In order to be transparent about the way the Global Wine Score (GWS) is realized, it seems interesting to study the scores distribution concerning 4 critics and the GWS (currently aggregating scores from 20 wine critics). We will show how the consistency between the critics ratings (input) and the GWS (output) allows our score to be easily interpreted.
Below, you will find ratings distribution coming from 4 critics out of 20 (Robert Parker, Neal Martin, Jancis Robinson and Jacques Dupont) used in the calculation of the GWS. The last graph corresponds to the GWS distribution.
In this study, the data is limited to vintages from 1995 to 2016. When a wine has been rated multiple times by a same critic, only their last score is considered. Plus, for the GWS, we are only using wines rated by at least 3 different journalists .
The input data for the GWS comes from critics who rate wines in different ways. Jancis Robinson and Jacques Dupont use a 20-point scale while Robert Parker and Neal Martin use a 100-point scale. Even when two critics have the same scale, a same rating has potentially two different meanings because of their habits, personal tastes and severities. These differences appear to be very significant in the case of Neal Martin and Robert Parker. Equal ratings by those two critics may not reflect the same wine quality.

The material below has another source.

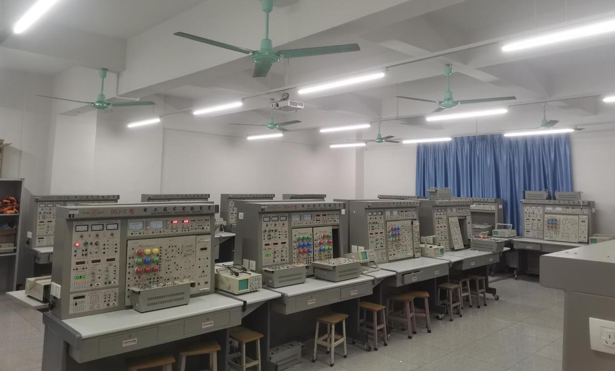 本实验室主要承担电气工程及其自动化专业、自动化专业、建筑电气与智能化专业的实验教学工作,5门专业课(电工学与电子技术课程、电路课程、电路分析课程、电工学基础课程、电工电子技术Ⅰ课程)的实验教学工作,为实验教学、课程设计、毕业设计、创新训练和科学研究等提供服务。可开设的12个实验项目:电路元件伏安特性的测绘实验、基尔霍夫定律的验证实验、叠加定理的验证实验、戴维宁定理的验证实验、RC一阶电路的响应测试实验、RLC串联谐振电路的研究实验、三相电路电压电流的测量实验、三相电路功率的测量实验、二极管、三极管参数测试实验、基本电工仪表的使用及测量误差的计算实验、通用示波器的调整和使用实验、信号发生器的使用。

The GWS algorithm takes into account these dissimilarities by normalizing these input notations in order to give a final score as objective as possible.
Then, for the sake of interpretability, let’s check the consistency between the distribution of the GWS and the distribution of critics ratings.
Mean values, 10% and 90% quantiles are good indicators to compare the score distributions. They are plotted on the figures above and reported in the table below for the four critics and the GWS.
For simplicity, in this article, we concentrate on the raw input data coming from critics, i.e. the data shown in this article is not normalized. As Robert Parker, Neal Martin and the GWS share the same 100-point scale, we are able to compare their statistics. They have pretty close mean values (respectively 89.73, 89.68 and 89.37), 10% quantiles (respectively 85.50, 85.00 and 86.13) and 90% quantiles (respectively 95.00, 94.00 and 93.32). These results show great consistency between the journalists and the GWS.
The different scales between Jancis Robinson, Jacques Dupont and the GWS make their comparison less straightforward. Anyway, it appears that Jacques Dupont (15.53) is a little more severe in his ratings than Jancis Robinson (16.21). The GWS takes these differences into account in the normalizing process.
Different critics may have different scales to rate wines. And even when they use the same scale, they also have various habits and tastes. The main goal of the GWS is to take into account these differences and get a score as objective as possible.
It is also crucial that the distribution of the score be consistent with other critics for better interpretability. By comparing key statistics of the distributions of the GWS, we have shown that it can be easily and safely interpreted by the community of wine lovers used to the widely accepted 100-point scale of critics.